Date de l’audition : 6 novembre

Style musical : Du rock à Broadway en passant par les classiques francophones

Influences musicales : De belles voix comme Elvis Presley et Johnny Cash. Du classique d’un bord, du rock et du metal dans l’autre.

Chanson interprétée : Je suis malade de Serge Lama (version de Lara Fabian)

Bien que ce soit une grande admiratrice de Broadway, Cassandra Beck souhaitait, cependant, proposer une chanson plus connue et en français pour convaincre les juges de la sélectionner lors de son audition. Son choix s’est, donc, arrêté sur Je suis malade. Elle considère que ce classique de Serge Lama et de Lara Fabian montre son aptitude à pouvoir jouer et chanter en même temps.

« C’est ce genre de belles voix qui m’a fait réaliser que je pouvais avoir une voix comme celles-là. J’adore les voix enveloppantes et chaudes qui racontent quelque chose. Je suis malade me donne des frissons dès que j’entends les premiers accords», souligne-t-elle en ajoutant que c’est sa toune de karaoké par excellence.

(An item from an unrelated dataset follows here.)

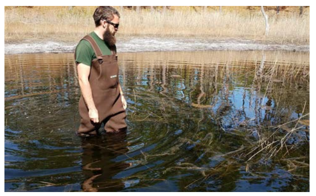
Surveying for Gopher Frogs

« Même si c’est une pièce très sérieuse et tellement magique, je ne l’ai jamais faite sérieusement. J’ai envie de me faire un cadeau et de l’interpréter dans un contexte plus professionnel avec un enjeu plus important », dit-elle. Pour que son audition soit couronnée de succès, elle doit faire rire les juges, clame-t-elle. « Tant qu’on rit un peu avant ou après ma performance, ça me fera du bien. Évidemment, je ne dois pas oublier les paroles.»

Des planches de théâtre à la musique

Si elle se sent parfaitement à l’aise sur les planches en tant que comédienne, la demoiselle de 28 ans éprouve de la difficulté à l’idée de se retrouver seule sur la scène avec un micro. « Quand je me mets dans la peau d’un personnage, je suis prête à jouer n’importe quoi devant un public. Tant que j’incarne un personnage, ça va! Si je dois chanter en (la) présence de monde, je vire rouge. Je dois, donc, casser cette problématique.»

Lorsqu’elle interprète une chanson, Cassandra souhaite que les gens ressentent le message qu’elle désire passer. « Quand un(e) chanteur/chanteuse plonge à l’intérieur de soi pour aller chercher une émotion, ça me touche. Instinctivement, c’est le corps au complet qui interprète la pièce», confie-t-elle en ajoutant que c’est la même logique avec un personnage dans une pièce de théâtre. Vous aurez certainement deviné qu’une carrière en comédie musicale, c’est le summum de ce qu’elle peut espérer professionnellement.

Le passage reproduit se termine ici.